## WHAT THIS TASK INVOLVES
Write out only the lines from the line containing "端到端的一站式AI工作空间深" to the end of the listing below, both included, exactly as they stand. Drop the pictures.

────────────────────

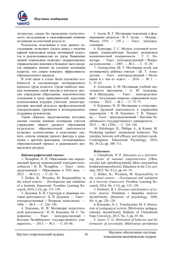8. Ахмедова, А. М. Мотивация учебной деятельности школьника / А. М. Ахмедова, Ф. А. Махмудова. - Текст: непосредственный // Актуальные вопросы современной педагогики. - 2015. - № 1. - С. 75-77.
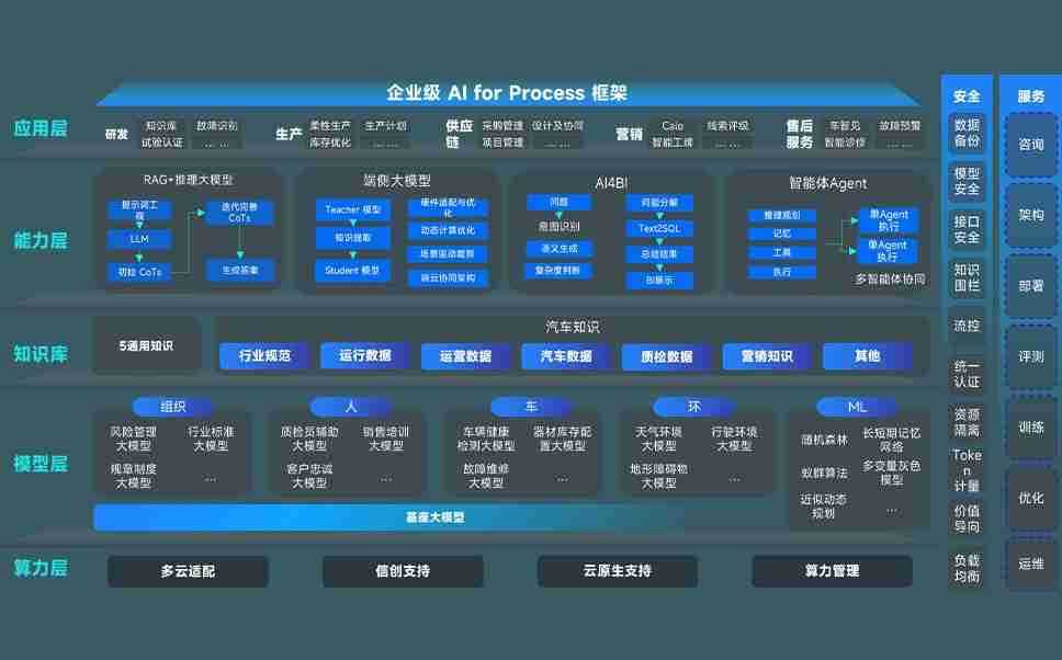 端到端的一站式AI工作空间深度融合了从企业战略规划到日常经营的全流程业务板块,,定向解决车企内部领域多、、、、部门多、、链条长、、、场景碎片化等难题,,,支持车企快速构建以AI为核心的生产力写作体系,,实现任务执行与AI能力的无缝集成与交互
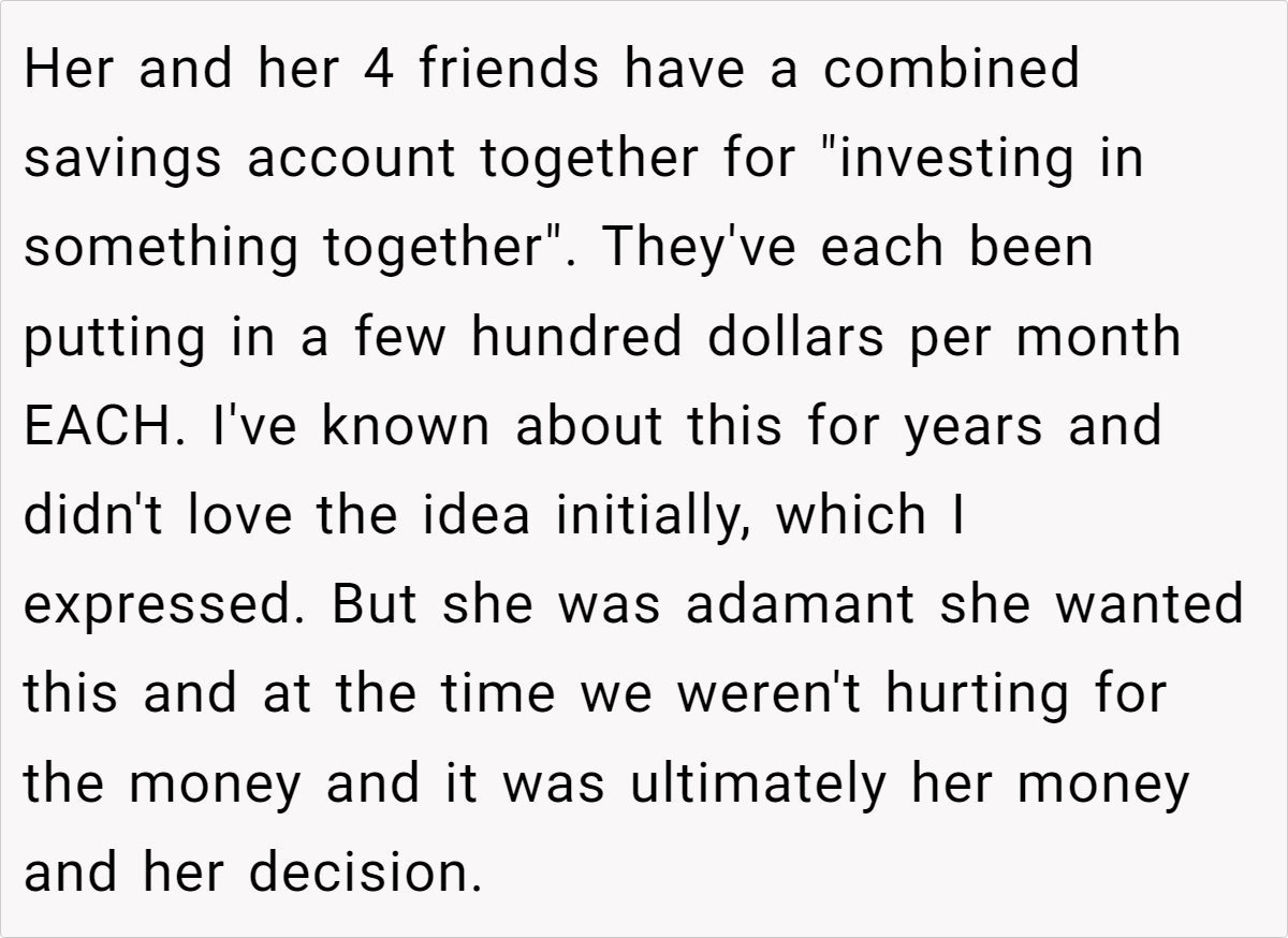 Planning a future together typically involves open communication and shared financial responsibilities. However, when one partner invests in a seemingly ill-conceived project with friends—then balks at tapping those funds for a home down payment—tensions can boil over. That’s precisely the dilemma one Redditor faces: his wife has around $20k tied up in a group savings account with her four best friends, and she refuses to use it to help purchase a jointly owned house.
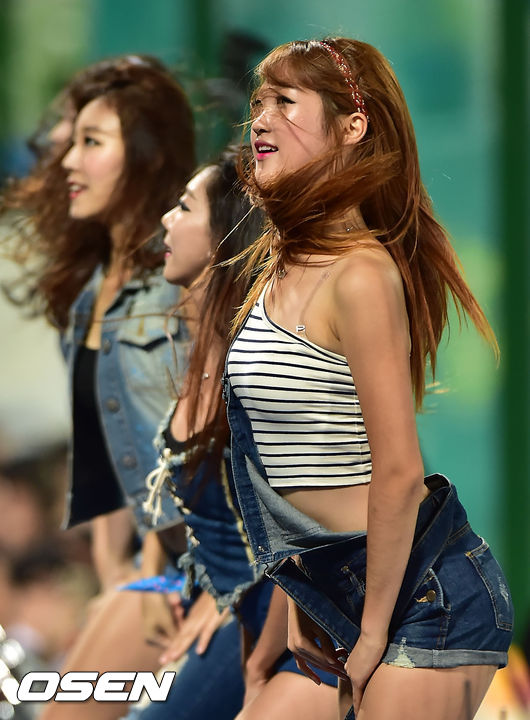 1일 오후 대구 시민구장에서 '2014 한국야쿠르트 세븐 프로야구' 삼성 라이온즈와 롯데 자이언츠 경기가 열렸다. 삼성 치어리더들이 화려한 무대를 선보이고 있다.
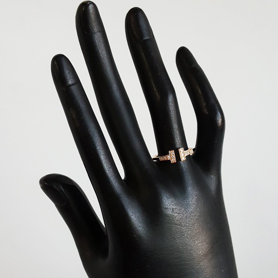 【95新】Tiffany & Co.蒂芙尼Tiffany T系列18K玫瑰金镶钻双T开口线圈戒指55号女士121225TJ18
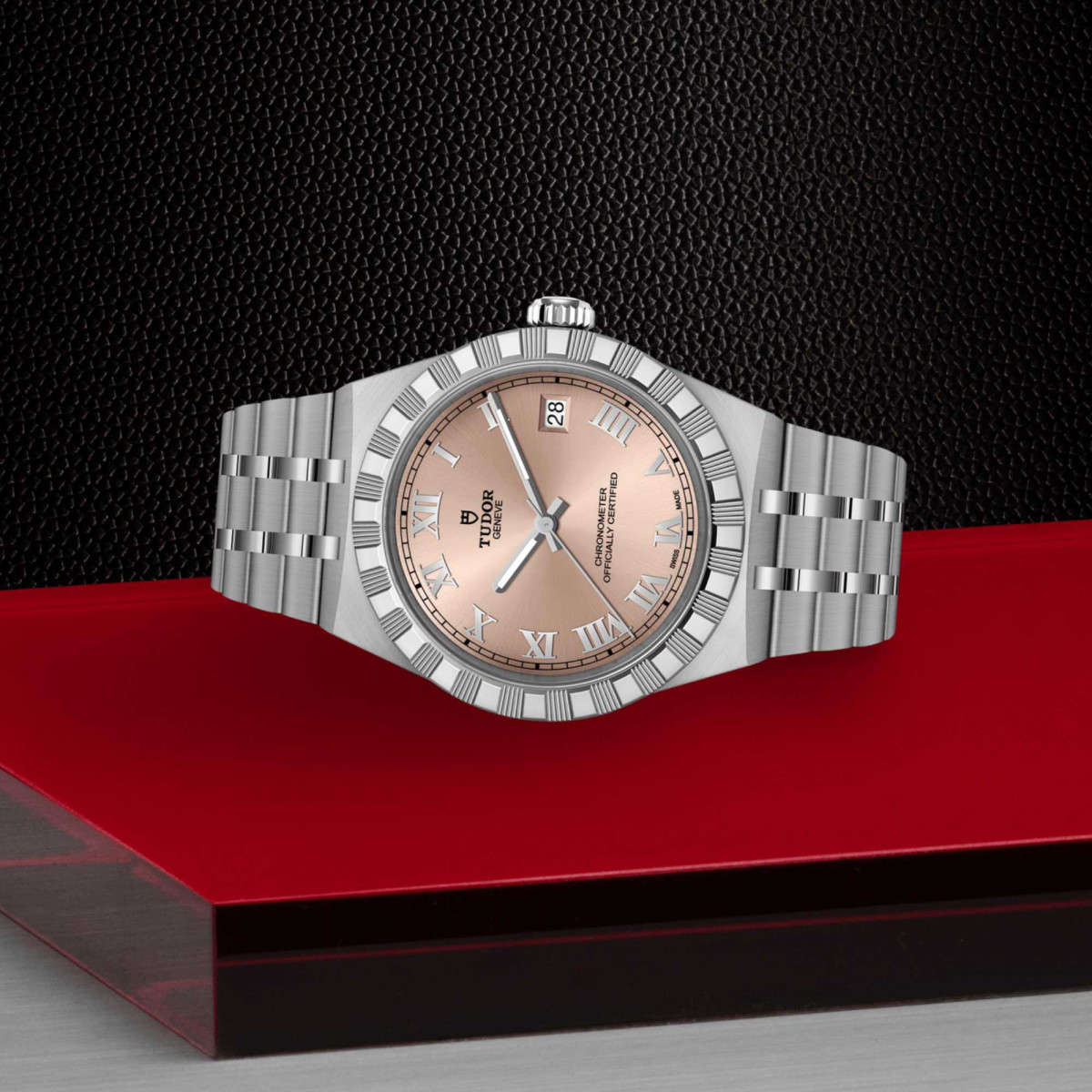 Ref. M2836C1A0-0105 - Mit ihrem integrierten Metallarmband, das nahtlos in das Gehäuse übergeht, zeichnet sich die TUDOR Royal durch ein fließendes und stilsicheres Design aus. Charakterisiert durch ihre drei breiten satinierten Bandelemente, zwischen denen zwei schmalere polierte Elemente positioniert sind, und ihre „T-fit“-Schließe, betont die glatte Beschaffenheit ihrer Oberflächen die große Aufmerksamkeit, die TUDOR dem Tragekomfort schenkt. Erhältlich in Edelstahl oder mit abwechselnden Elementen in Edelstahl und Gelbgold, sprechen die Modelle dieser Linie mit ihrer fein bearbeiteten Oberfläche jeden Geschmack an.

────────────────────

## ANSWER SPACE
 端到端的一站式AI工作空间深度融合了从企业战略规划到日常经营的全流程业务板块,,定向解决车企内部领域多、、、、部门多、、链条长、、、场景碎片化等难题,,,支持车企快速构建以AI为核心的生产力写作体系,,实现任务执行与AI能力的无缝集成与交互
 Planning a future together typically involves open communication and shared financial responsibilities. However, when one partner invests in a seemingly ill-conceived project with friends—then balks at tapping those funds for a home down payment—tensions can boil over. That’s precisely the dilemma one Redditor faces: his wife has around $20k tied up in a group savings account with her four best friends, and she refuses to use it to help purchase a jointly owned house.
 1일 오후 대구 시민구장에서 '2014 한국야쿠르트 세븐 프로야구' 삼성 라이온즈와 롯데 자이언츠 경기가 열렸다. 삼성 치어리더들이 화려한 무대를 선보이고 있다.
 【95新】Tiffany & Co.蒂芙尼Tiffany T系列18K玫瑰金镶钻双T开口线圈戒指55号女士121225TJ18
 Ref. M2836C1A0-0105 - Mit ihrem integrierten Metallarmband, das nahtlos in das Gehäuse übergeht, zeichnet sich die TUDOR Royal durch ein fließendes und stilsicheres Design aus. Charakterisiert durch ihre drei breiten satinierten Bandelemente, zwischen denen zwei schmalere polierte Elemente positioniert sind, und ihre „T-fit“-Schließe, betont die glatte Beschaffenheit ihrer Oberflächen die große Aufmerksamkeit, die TUDOR dem Tragekomfort schenkt. Erhältlich in Edelstahl oder mit abwechselnden Elementen in Edelstahl und Gelbgold, sprechen die Modelle dieser Linie mit ihrer fein bearbeiteten Oberfläche jeden Geschmack an.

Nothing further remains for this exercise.